In 1991 he was accused of involvement in the assassination of former
Indian Prime Minister Rajiv Gandhi, who was killed in a suicide bomb
attack near Madras (Chennai).
It was alleged Prabhakaran had personally ordered the attack in
revenge for Gandhi's posting of Indian peacekeeping troops to Sri
Lanka in the mid-1980s.
An Indian court signed a death warrant in his name and Interpol
issued a wanted notice on the grounds of terrorism, murder and
organised crime.
Under his leadership the LTTE was branded a terrorist organisation
by many countries and he was wanted by Interpol, the global police
network for murder, terrorism, organised crime and conspiracy.
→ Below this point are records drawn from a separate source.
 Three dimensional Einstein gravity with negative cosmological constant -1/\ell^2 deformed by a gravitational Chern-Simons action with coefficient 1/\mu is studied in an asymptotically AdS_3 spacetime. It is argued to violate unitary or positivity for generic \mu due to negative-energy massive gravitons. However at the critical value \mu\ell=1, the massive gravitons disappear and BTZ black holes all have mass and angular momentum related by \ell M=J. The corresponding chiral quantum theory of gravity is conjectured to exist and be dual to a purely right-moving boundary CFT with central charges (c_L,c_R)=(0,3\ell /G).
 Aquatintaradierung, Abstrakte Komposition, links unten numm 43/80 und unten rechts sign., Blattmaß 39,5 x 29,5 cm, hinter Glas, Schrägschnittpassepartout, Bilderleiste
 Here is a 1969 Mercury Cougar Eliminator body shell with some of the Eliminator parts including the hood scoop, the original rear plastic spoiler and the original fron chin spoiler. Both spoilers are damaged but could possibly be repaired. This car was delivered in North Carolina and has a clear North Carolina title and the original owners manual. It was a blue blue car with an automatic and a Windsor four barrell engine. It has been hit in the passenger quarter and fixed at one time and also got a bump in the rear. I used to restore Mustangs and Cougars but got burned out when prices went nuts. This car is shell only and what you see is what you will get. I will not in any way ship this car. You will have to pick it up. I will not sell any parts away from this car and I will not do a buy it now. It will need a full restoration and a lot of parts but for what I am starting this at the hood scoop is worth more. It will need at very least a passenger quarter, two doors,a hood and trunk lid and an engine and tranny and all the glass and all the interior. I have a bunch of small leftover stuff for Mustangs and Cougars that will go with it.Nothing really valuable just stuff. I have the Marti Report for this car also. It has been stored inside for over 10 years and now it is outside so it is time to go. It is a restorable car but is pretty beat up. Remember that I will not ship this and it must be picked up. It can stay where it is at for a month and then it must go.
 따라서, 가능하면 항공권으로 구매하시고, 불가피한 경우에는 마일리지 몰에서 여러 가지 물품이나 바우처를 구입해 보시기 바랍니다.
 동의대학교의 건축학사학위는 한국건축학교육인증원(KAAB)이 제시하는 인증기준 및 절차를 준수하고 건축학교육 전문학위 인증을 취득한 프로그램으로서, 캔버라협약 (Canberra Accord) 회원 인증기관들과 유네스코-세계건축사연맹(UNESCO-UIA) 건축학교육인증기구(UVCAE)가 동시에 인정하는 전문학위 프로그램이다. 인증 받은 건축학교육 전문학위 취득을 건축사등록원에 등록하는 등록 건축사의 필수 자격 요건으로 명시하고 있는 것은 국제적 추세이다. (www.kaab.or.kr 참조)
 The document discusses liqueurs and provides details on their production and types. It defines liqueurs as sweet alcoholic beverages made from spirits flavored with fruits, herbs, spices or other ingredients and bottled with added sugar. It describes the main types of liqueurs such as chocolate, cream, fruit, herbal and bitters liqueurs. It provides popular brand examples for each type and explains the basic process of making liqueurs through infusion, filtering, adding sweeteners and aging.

He was a shadowy figure, constantly under threat of arrest or
assassination.
At one of Prabhakaran's very rare press conferences, in 2002, he
refused to answer any questions about Gandhi's murder, referring to
it as a "tragic accident".
Instead he repeated his demand for self-determination for Tamils and
said he was prepared to die in the fight to achieve it.
In 1996 more than 90 people were killed and a further 1,400 were
injured when a suicide bomber crashed a lorry through the gates of
the Central Bank of Colombo and detonated its cargo of explosives.
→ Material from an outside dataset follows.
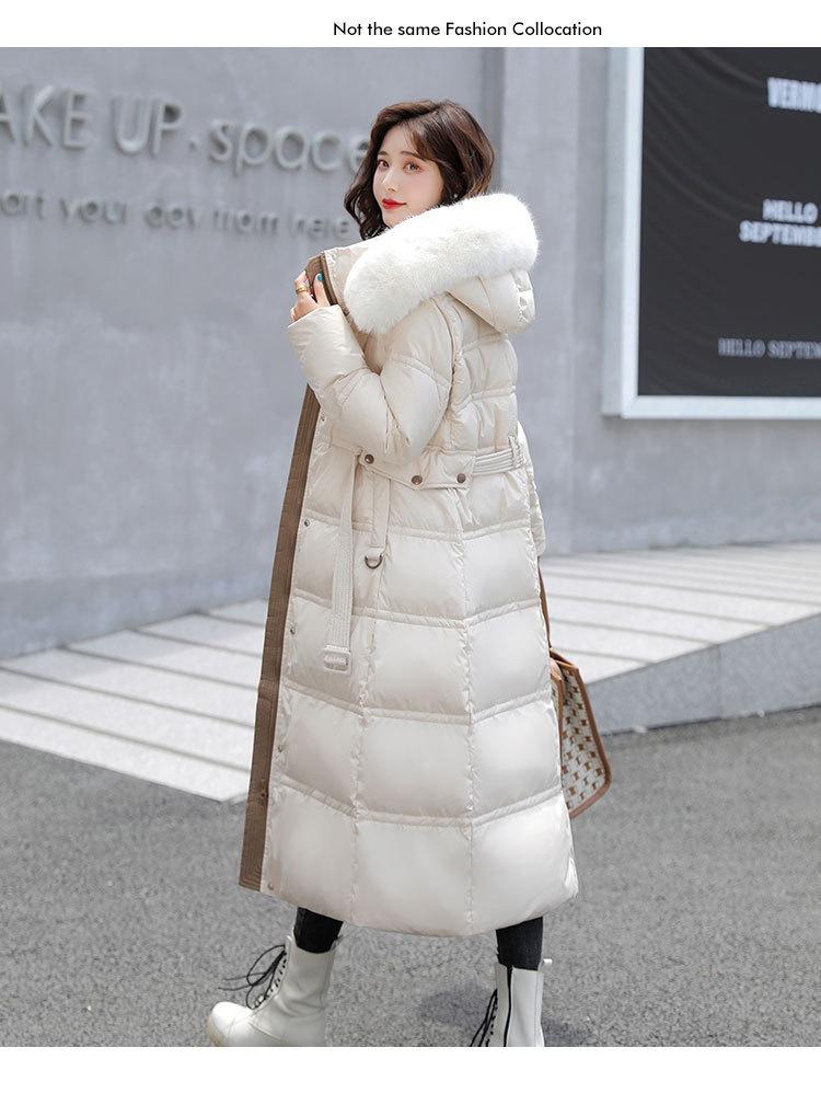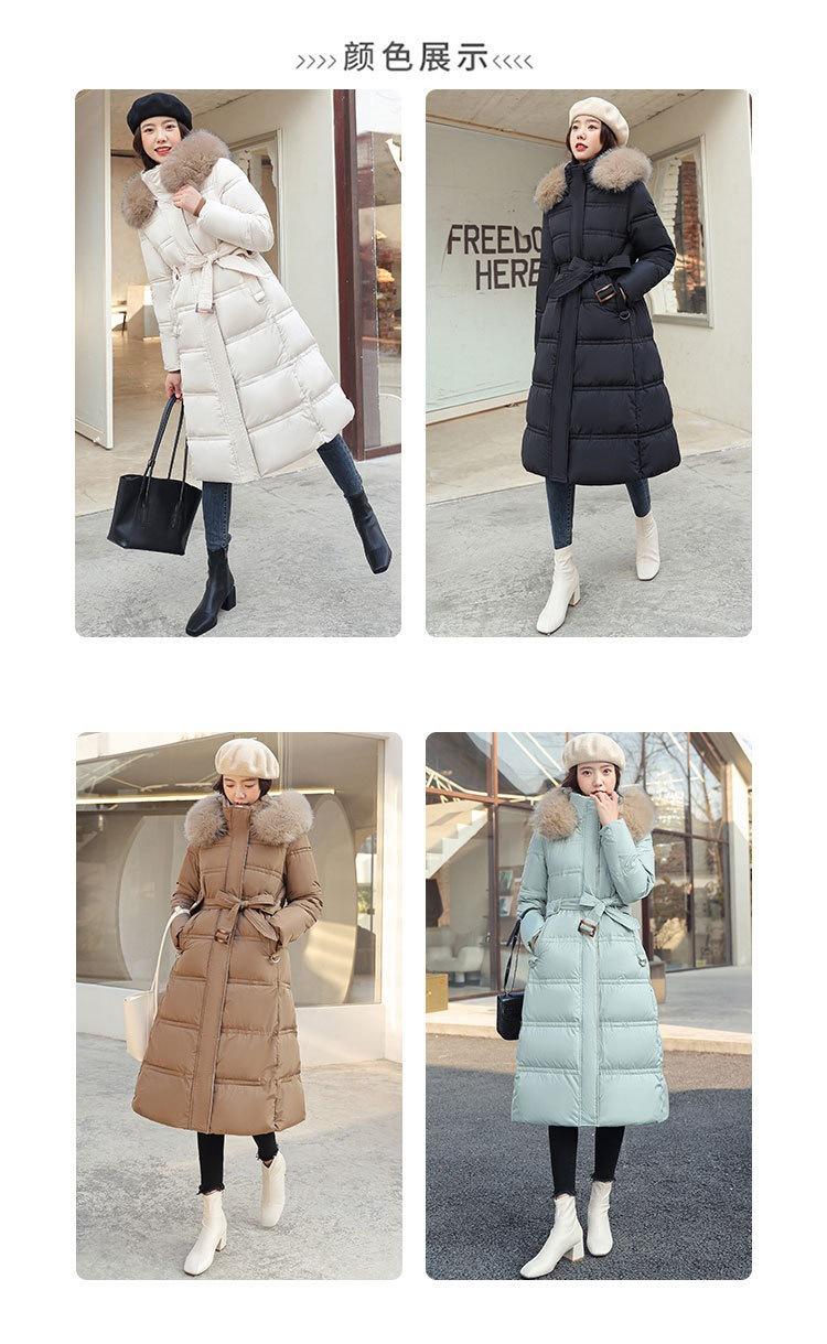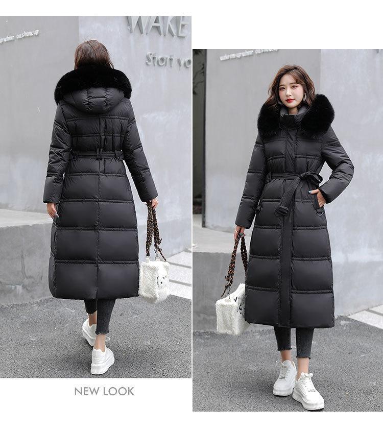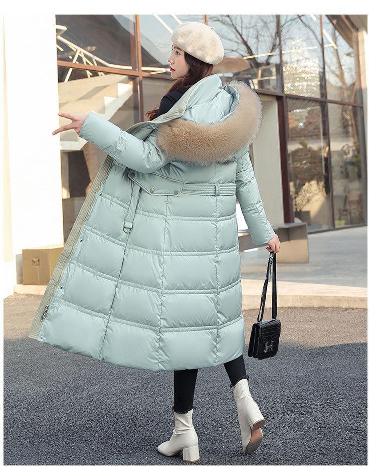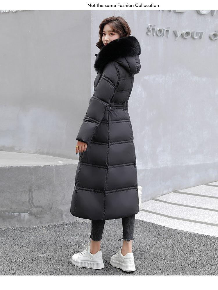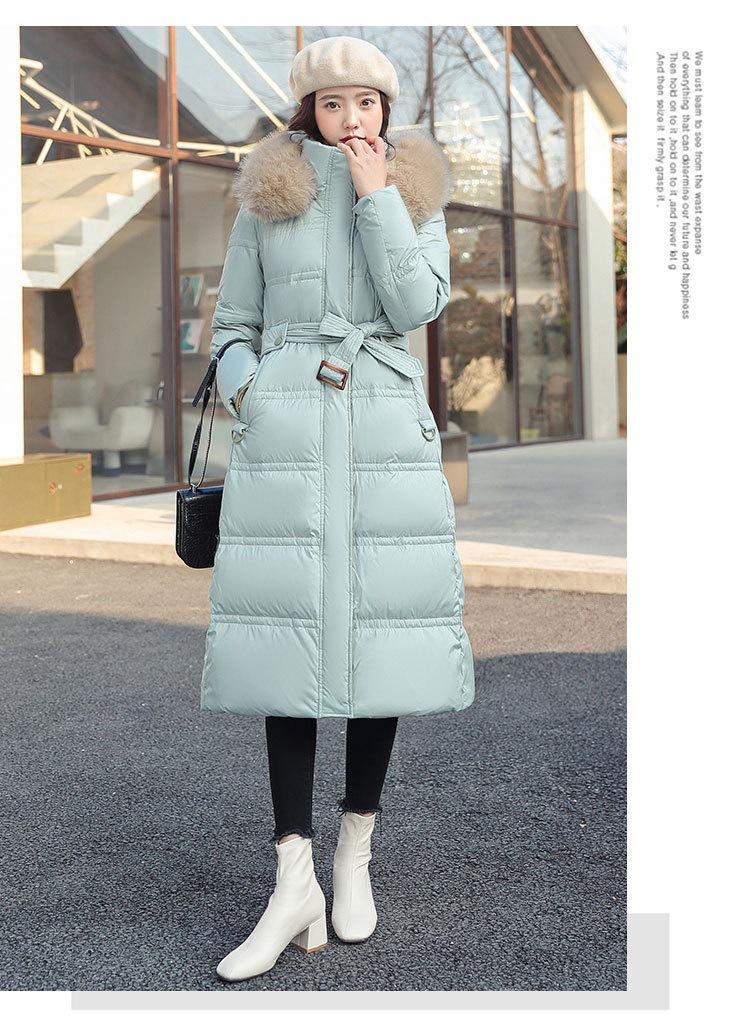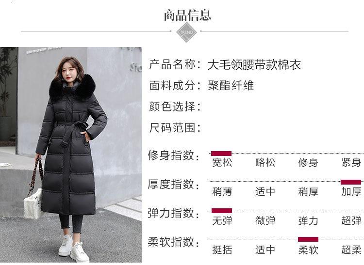 Chaqueta coreana nueva delgada de invierno acolchada de algodón cinturón cuello de piel chaqueta delgada acolchada de algodón abrigo europeo y americano chaqueta acolchada de algodón con plumón piel grande sobre la rodilla

Most of the casualties were civilians in what was then the Tigers'
deadliest attack, with a number of foreign nationals among those
killed and injured.
In 2002 a Sri Lankan court issued a warrant for Prabhakaran's arrest
in connection with the attack and, in his absence, sentenced him to
200 years in prison.
When the latest attempt at peace talks broke down in 2006, the Sri
Lankan army launched a huge offensive against Tiger strongholds,
eventually capturing large areas of what had been Tiger-held
territory.
In early 2009 Prabhakaran suffered a major reverse when the Sri
Lankan government captured the Tigers' administrative capital of
Killinochchi and there were rumours he had fled the country.
Vellupillai Prabhakaran remained a secretive figure throughout his
life, his movements between his various jungle hideouts carefully
planned to avoid capture or assassination.
At the height of its powers at the end of the 1990s and the early
years of this decade, the LTTE controlled nearly one-third of Sri
Lanka.
But Prabhakaran was unable to translate this authority into his
dream: an autonomous Tamil homeland in the north of the country.
His single-minded determination in pursuit of his goal never
wavered: he once claimed he had ordered his own men to shoot him if
he ever gave up his demands for a Tamil state.